Last month, a community tent for 150 people burned down in Moria’s temporary replacement for Mavrovouni, which is currently home to around 1,100 people.

On Tuesday, two 18-year-old Afghan asylum seekers were sentenced on appeal to four years in prison for setting the fire in Moria. Four other Afghans were sentenced to ten years in prison last June.

– “Completely unsuitable” –

Michael Bakas, a member of Greece’s Green Party, says that despite the presence of a dedicated firefighting team, “dozens” of fires have broken out around Moria in recent summers.

But Tsivgoulis, the local community representative, argues that the densely forested landscape around the new camp in Plati is more dangerous than Moria.

“Moria was surrounded by an olive grove, olive trees don’t burn that easily, imagine what can happen in a pine forest,” Tsivgoulis said.

“During the summer months, locals are not allowed to enter at night due to the risk of fire.

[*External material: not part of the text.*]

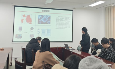 承办,姜伟、张春华两位老师担任轮值老师。学院研究生付翔、冯敏元、吴云灿、戚广营四位同学分别围绕太阳能蒸发器、人造血管定型工艺、无铅钙钛矿材料、光热超疏水涂层等前沿方向进行了精彩汇报,全面展现了学院在能源材料、生物材料、光电材料及功能涂层等领域的创新进展与科研实力,为师生搭建了高质量的学术交流与成果转化平台。
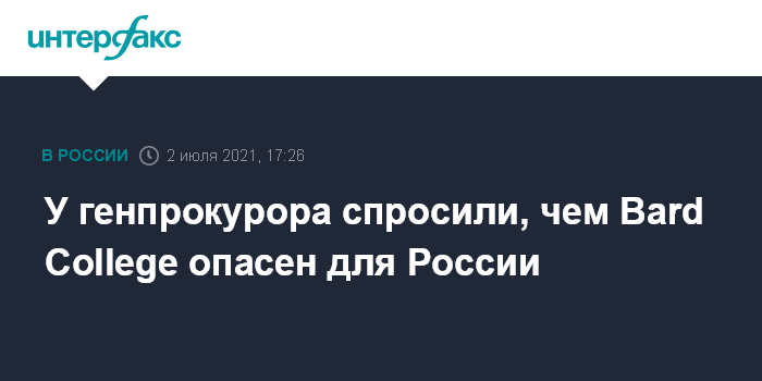 Москва. 2 июля. INTERFAX.RU - Уполномоченный по правам человека в Петербурге Александр Шишлов запросил у генпрокурора Игоря Краснова "факты и обстоятельства, свидетельствующие что деятельность Bard College представляет угрозу основам конституционного строя и безопасности" России, на основании которых колледж признан нежелательным.

So how does the (migration) ministry ensure there are no accidents when hundreds come and go” to build the camp, he wonders.

“This is a completely unsuitable place to build a whole community,” adds Antonis Komlos, mayor of the Pighi community.

“With a spark, entire villages and crops could be lost,” he said.

There are also fears that the remote site, which can be reached by a rural road 15 kilometers (nine miles) from the nearest village in Bird’s Eye View and 30 kilometers from the island’s capital, Mytilene, will be difficult to evacuate in an emergency.

– ‘Far from our children’ –

With a capacity of 3,000, Plati is said to be the largest of five new camps the European Union has allocated a combined $296 million to Lesvos and four other Greek islands in the Aegean, where migrants arrive from neighboring Turkey.

The new camps are equipped with barbed wire fences, surveillance cameras, X-ray scanners and magnetic gates that close at night.

Mytilene Mayor Stratis Kytelis has described the camp as a “starting point” for the island to “finally leave the migration problem behind – far from Mytilene city, our children and our daily lives”.

But disagreements over location delayed the project for months, with various alternative locations being considered and discarded.

This week Kytelis said Plati was “the only solution to restore calm to the island”.

In a statement to AFP, he insisted authorities take “all (necessary) fire safety measures”.

Originally, the camp should have been completed last September.

An injunction against the project will be discussed later in June.

Completion is expected next year, the Migration Ministry source said.